* _INFORMATION SHOWN_:
========

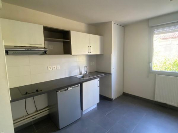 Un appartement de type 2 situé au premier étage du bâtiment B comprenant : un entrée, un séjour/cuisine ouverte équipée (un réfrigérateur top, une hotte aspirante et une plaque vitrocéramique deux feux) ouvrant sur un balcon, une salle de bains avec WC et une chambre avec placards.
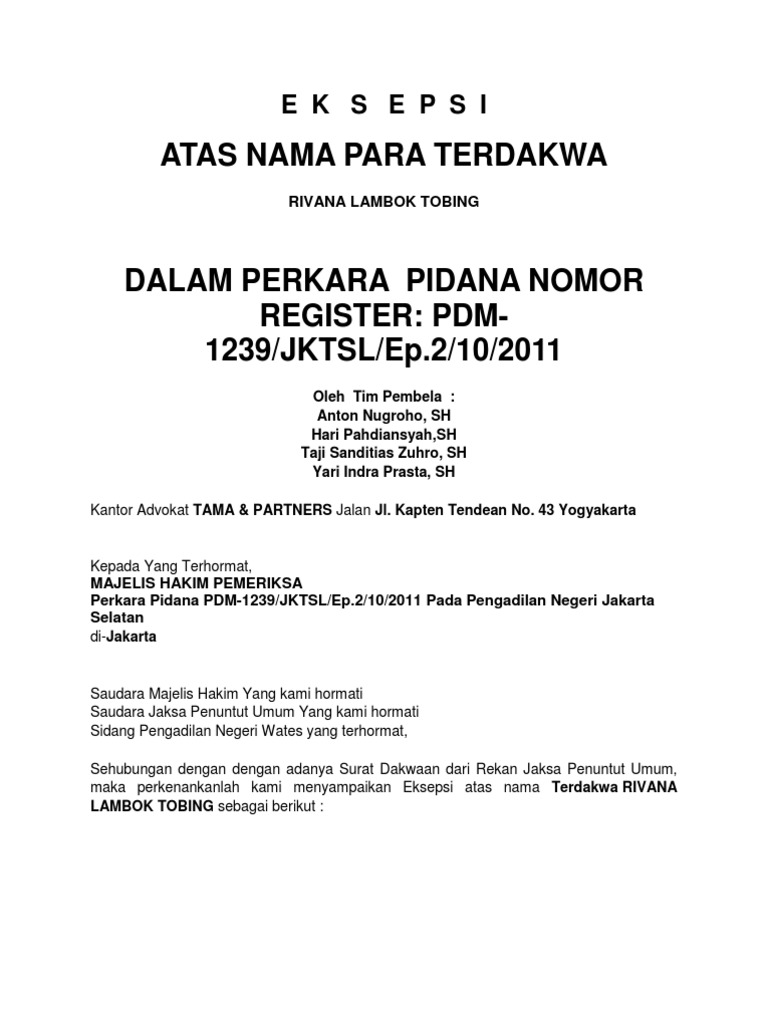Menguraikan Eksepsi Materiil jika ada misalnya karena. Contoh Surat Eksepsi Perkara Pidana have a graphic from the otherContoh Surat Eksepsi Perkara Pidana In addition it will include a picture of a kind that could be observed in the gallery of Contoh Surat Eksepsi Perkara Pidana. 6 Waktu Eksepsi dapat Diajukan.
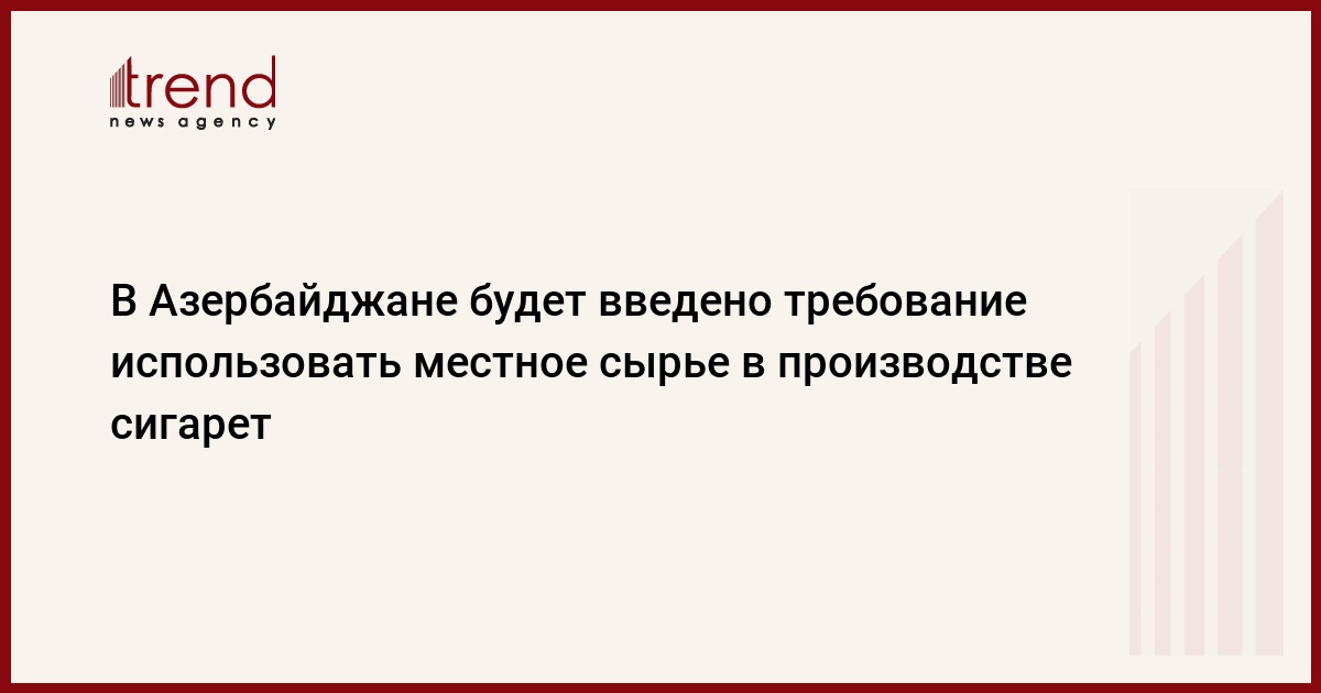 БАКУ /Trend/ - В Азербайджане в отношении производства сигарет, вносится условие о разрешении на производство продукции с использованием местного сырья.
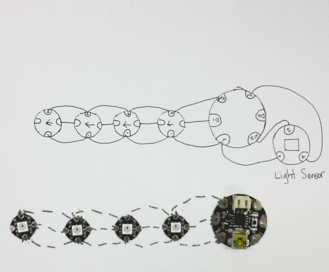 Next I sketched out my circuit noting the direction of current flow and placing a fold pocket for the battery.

========

Copy out, unchanged, the span of lines beginning with the one that includes "БАКУ /Trend/ - В" and running through the final line of the material above. Leave the pictures out.

* _EXERCISE RESPONSE_:
 БАКУ /Trend/ - В Азербайджане в отношении производства сигарет, вносится условие о разрешении на производство продукции с использованием местного сырья.
 Next I sketched out my circuit noting the direction of current flow and placing a fold pocket for the battery.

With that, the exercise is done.